3.5 star, YA

Review: Five Survive by Holly Jackson

The brand new unmissable crime thriller from Holly Jackson, best-selling, award-winning author of the Good Girl’s Guide to Murder trilogy.

Eight hours.
Six friends.
One sniper . . .

Eighteen year old Red and her friends are on a road trip in an RV, heading to the beach for Spring Break. It’s a long drive but spirits are high. Until the RV breaks down in the middle of nowhere. There’s no mobile phone reception and nobody around to help. And as the wheels are shot out, one by one, the friends realise that this is no accident. There’s a sniper out there in the dark watching them and he knows exactly who they are. One of the group has a secret that the sniper is willing to kill for.

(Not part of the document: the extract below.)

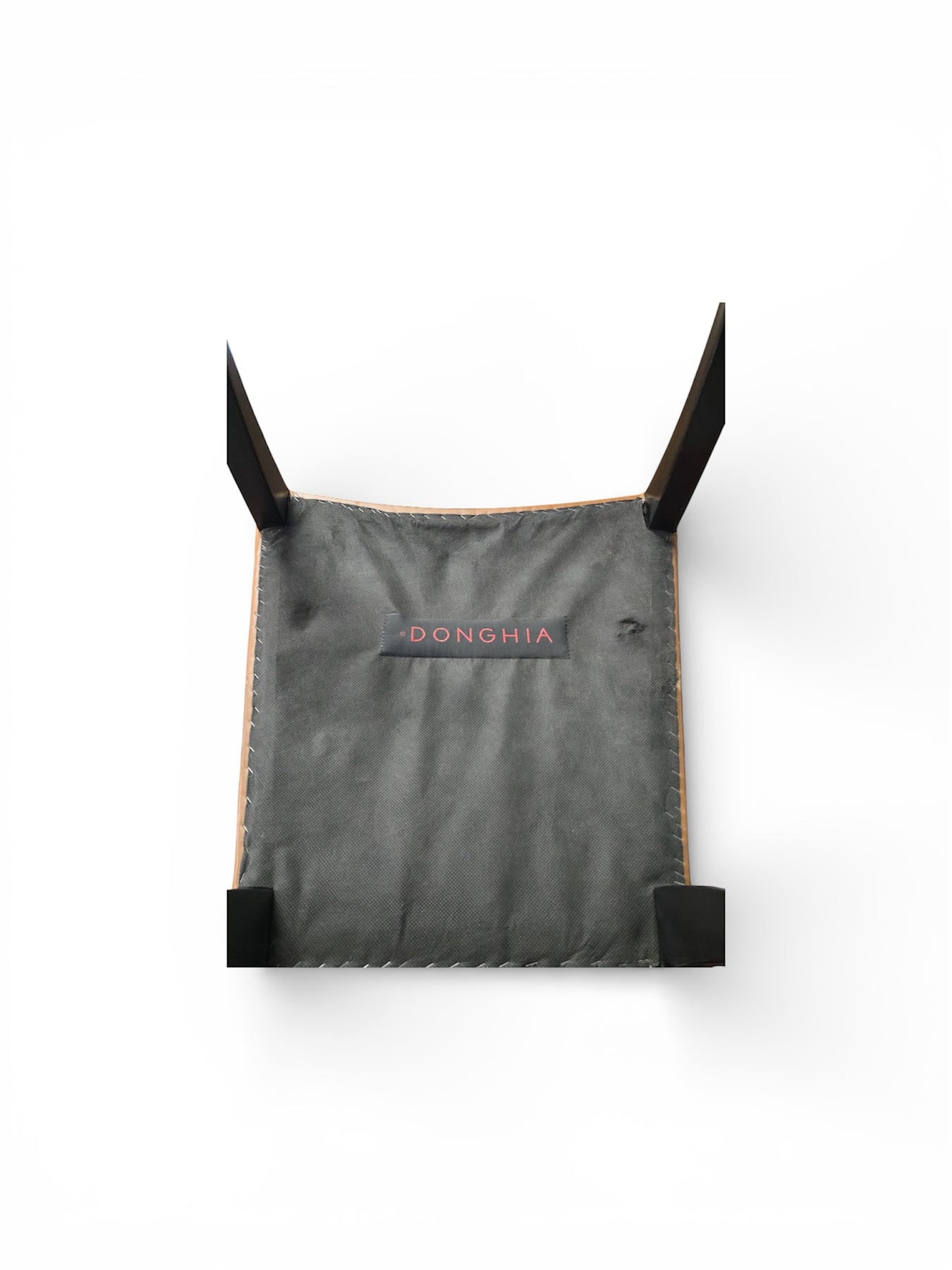 A sculptural set of four vintage armchairs by Donghia, retaining original maker’s tags. These chairs feature a refined serpentine silhouette with inward sweeping arms and a dramatic architectural outer shell.

A game of cat-and-mouse plays out as the group desperately tries to get help and to work out which member of the group is the target. Buried secrets are forced to light in the cramped, claustrophobic setting of the RV, and tensions within the group will reach deadly levels. Not everyone will survive the night.



Overall Recommendation:

Hard to compete with the super high bar Holly Jackson’s bestselling series brought, but Five Survive holds up well enough as a locked room type thriller. Secrets were fun to guess and the ultimate mastermind behind what should’ve been a fun road trip wasn’t immediately obvious. Kudos for branching out in the genre but I did wish for more suspense as there wasn’t really enough stakes for it.

I’m a huge fan of Holly Jackson after the extraordinary book that was A Good Girl’s Guide to Murder, but I will be honest when there are things I don’t love as much as her debut (we don’t talk about book 3 here). Perhaps after such success, the expectations are set really high. But comparing it to Five Survive wouldn’t do this book justice.

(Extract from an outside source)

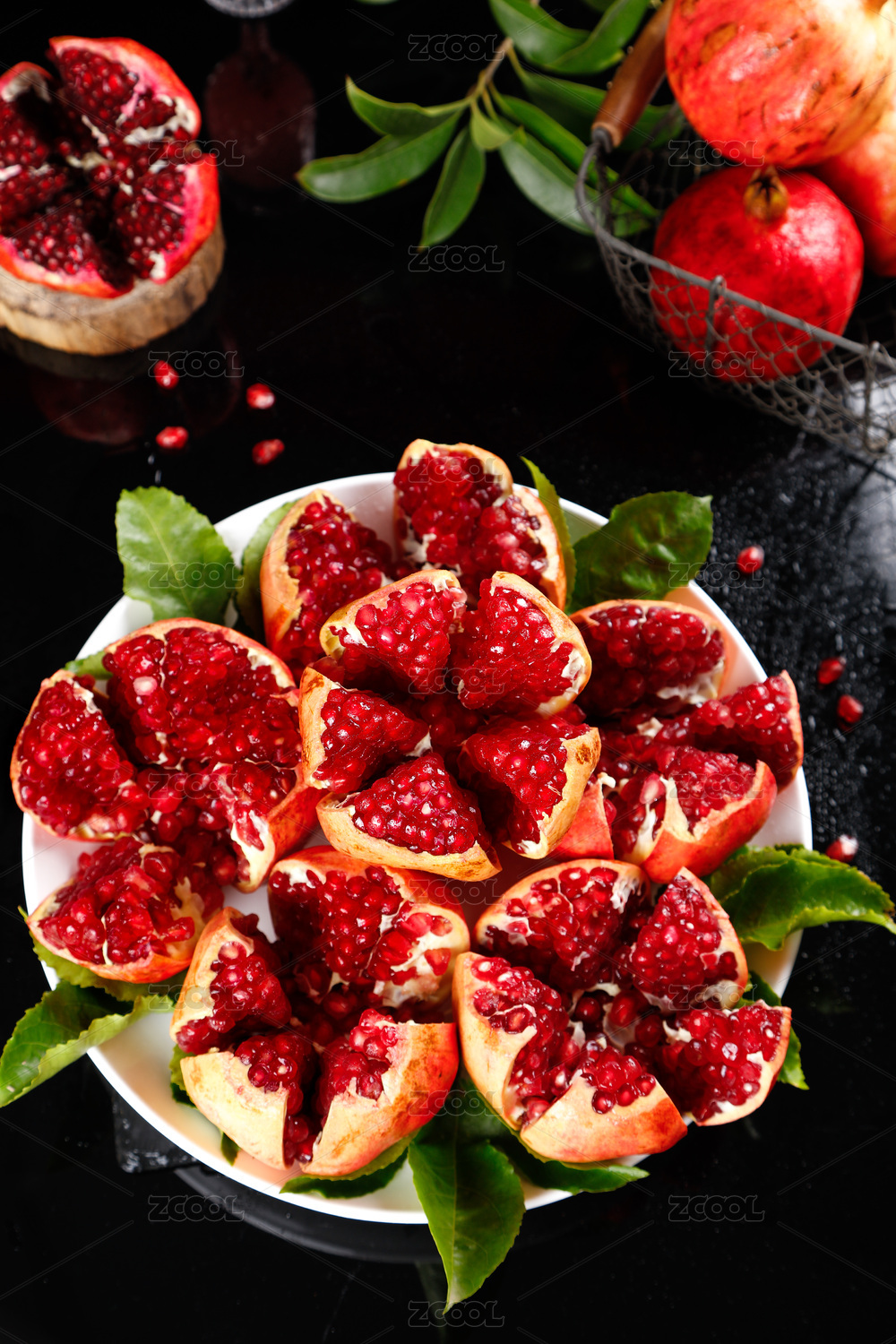 黑底上放著一盤掰開的紅寶石石榴

Five Survive is most definitely less a whodunnit than a trapped thriller where everyone in the room could be a suspect, and the mysterious mastermind holding all the power may be one of them or someone they know intimately. It reminded me a lot of Diana Urban’s debut which I also felt similarly for so maybe I’m just more of a fan of well-plotted traditional mysteries.

So plot is still pretty important in such a story and I do think this book delivers there. Trapped in the RV from around 10pm at night until daybreak to get help, anything can honestly happen in those darkest hours in the middle of nowhere. The pacing was okay, but in the middle it really does let up on the “stress” factor that makes a thriller so enticing you absolutely can’t or shouldn’t put it down. Not enough happens outside the RV that ups the stakes. The crew inside was left with ample time to converse and try to plan escapes before it really felt like their lives were truly in danger. You can say that this book equally focuses on the six protagonists stuck inside the RV. Let’s dig into them, shall we?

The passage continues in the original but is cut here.